I came from an all girls faith school with a reputation which concealed the social hubbub and school girl scandals. I left with great grades, in fact excellent grades, but I just wanted to get away from the people I had seen change over one year to become full fledged teenage bitches! As a sensible girl but probably a late developer in that sense, I failed to see the appeal of makeup, drinking until unconscious and boys! Of course that all changed once I left the relatively calm sanctum of the girls school and started at college where the social dilemnas, scandals and pressures escalated.
Despite leaving high school just glad to get away from the girls I had been to school with, in some instances for 11 years, I was popular.
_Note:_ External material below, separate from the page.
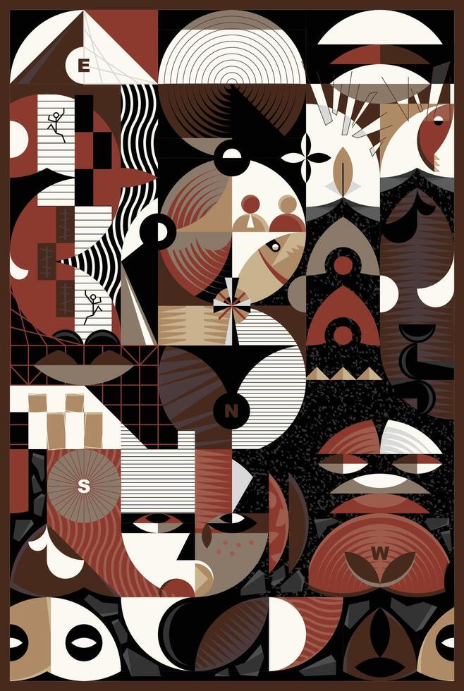 Mural collage, graphics pattern made with abstract forms and generative geometric shapes. Mosaic background in Bauhaus style. Useful for banner, cover, poster. Pro Vector

I was fully welcome in three or four friendship groups with ever changing best friends over the years- my mistake from GCSE years onwards was to abandon prior best friends for a new, smaller friendship group I hoped would become my closest confidantes but of course they had known each other intimately since 11, were less conventional and nothing including myself could break their impenitrable bubble. Upon reaching college they dispersed and have not been on speaking terms since. I spent two years chasing the unobtainable as it were, losing out on maintaining tight friendships with previous best friends. So by the time I left I fit in everywhere but if I were truely cherished anywhere I was unaware.
And so in college when I, almost instantaneously, became an integral part of a five strong friendship group, I was more than pleased. I was over the moon to have finally found real friends of which two became inseparable from me. Real best friends I had missed out on in high school. And of course by then I had quickly discovered makeup, fashion, and to some extent boys. I didn’t disappear into the college system- I was smart, popular and pretty. With my ‘mixed heritage’ to be P.C, I was different to the 75% of the rest of the college who were of the same ethnic background who had incidentally come from the same local area and thus high schools. I was fresh meat and the novelty didn’t wear off for the rest of the students. Of course this caused resentment amongst other girl groups but I was almost oblivious as I had unknowingly closed myself off to real socialisation, with my girls becoming my all. But that was the way with them and always had been even before me…
We all know one friendship group who does it- some purposely and others just don’t realise until it is too late. They mainly speak to each other, socialise with each other, text each other. They study together and eat, yes, together. Sometimes you have to remove yourself from that situation to realise how cocooned you have become, have many wonderful and diverse people you are missing out on truely knowing, and how many social skills you have lost! For me, it was more the case that I was removed from that situation.